Kenneth Goodman who is the director of the Bioethics program at the University of Miami has followed the case closely. He says such reactions from close relatives in end-of-life cases are not unusual, but medical experts who have examined Terri Shiavo say she will never regain consciousness.

"There is no cognition in this poor woman,” he said. “There is nothing going on in her poor head. It is a tragedy and it has torn a family apart but the medical facts are not in dispute among credible physicians. She is in a persistent vegetative state. The fact of the matter is that her cerebral cortex is full of spinal fluid. She is incapable of experiencing or thinking anything."

Nearly two years ago, after a court ruled that Mr. Schiavo had the legal right to remove his wife's feeding tube, Florida's legislature passed an emergency measure allowing Florida's Governor, Jeb Bush, to intervene in the case. Mr. Bush, a staunch supporter of Terri Schiavo's parents, ordered that she be kept alive.

However, Florida's Supreme Court ruled against the governor, and the U.S. Supreme Court declined to hear the case, clearing the way for Michael Schiavo to remove the feeding tube. Kenneth Goodman of the University of Miami says the case, and its seemingly never-ending appeals has now become a political issue.

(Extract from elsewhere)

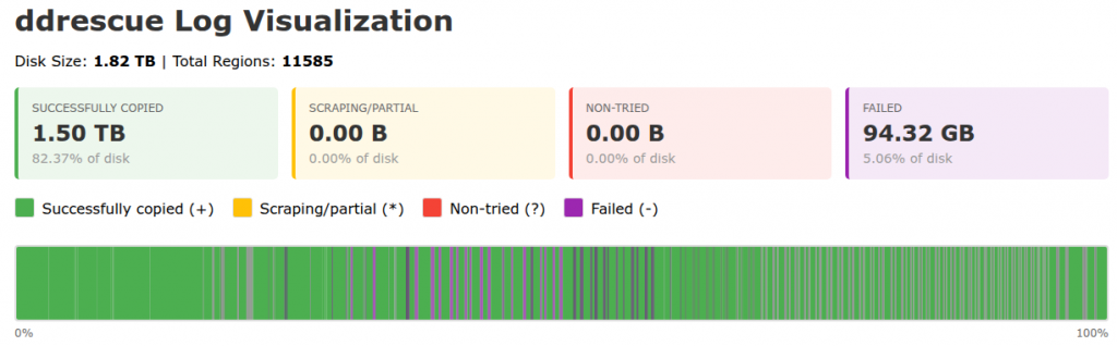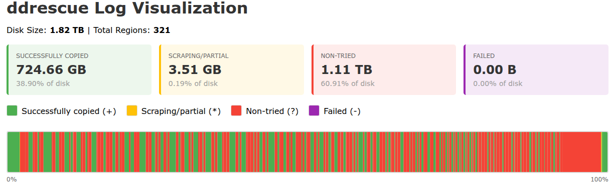 The log file is a long machine-readable text file not meant for humans. It has one block range per line, so on every ddrescue run it got longer. The ddrescuelog CLI tool didn’t work for me for some reason. I threw this one at Claude Code which wrote a CLI and HTML visualizer:

"I do not think the country has seen anything this extraordinary,” he added. “This is in the realm of health care, the most litigated case ever. This case has bounced up and back through the courts over a long period of time. The worst thing about it is that it is driven by distinctive facts of a family dispute and a bunch of partisans who have managed to push all the right buttons."

Mr. Goodman says the practice of people being able to refuse medical treatment through their spouse, something he says has been a long-accepted practice in the United States, is now being called into question, and even challenged in U.S. courts.

Experts say without her feeding tube it could take a week, or longer for Terri Schiavo to die. Florida politicians and Congressional supporters of her parents have vowed in coming days to enact emergency legislation, and file appeals in Federal Courts to have Terri Schiavo's feeding tube reinstated before she dies.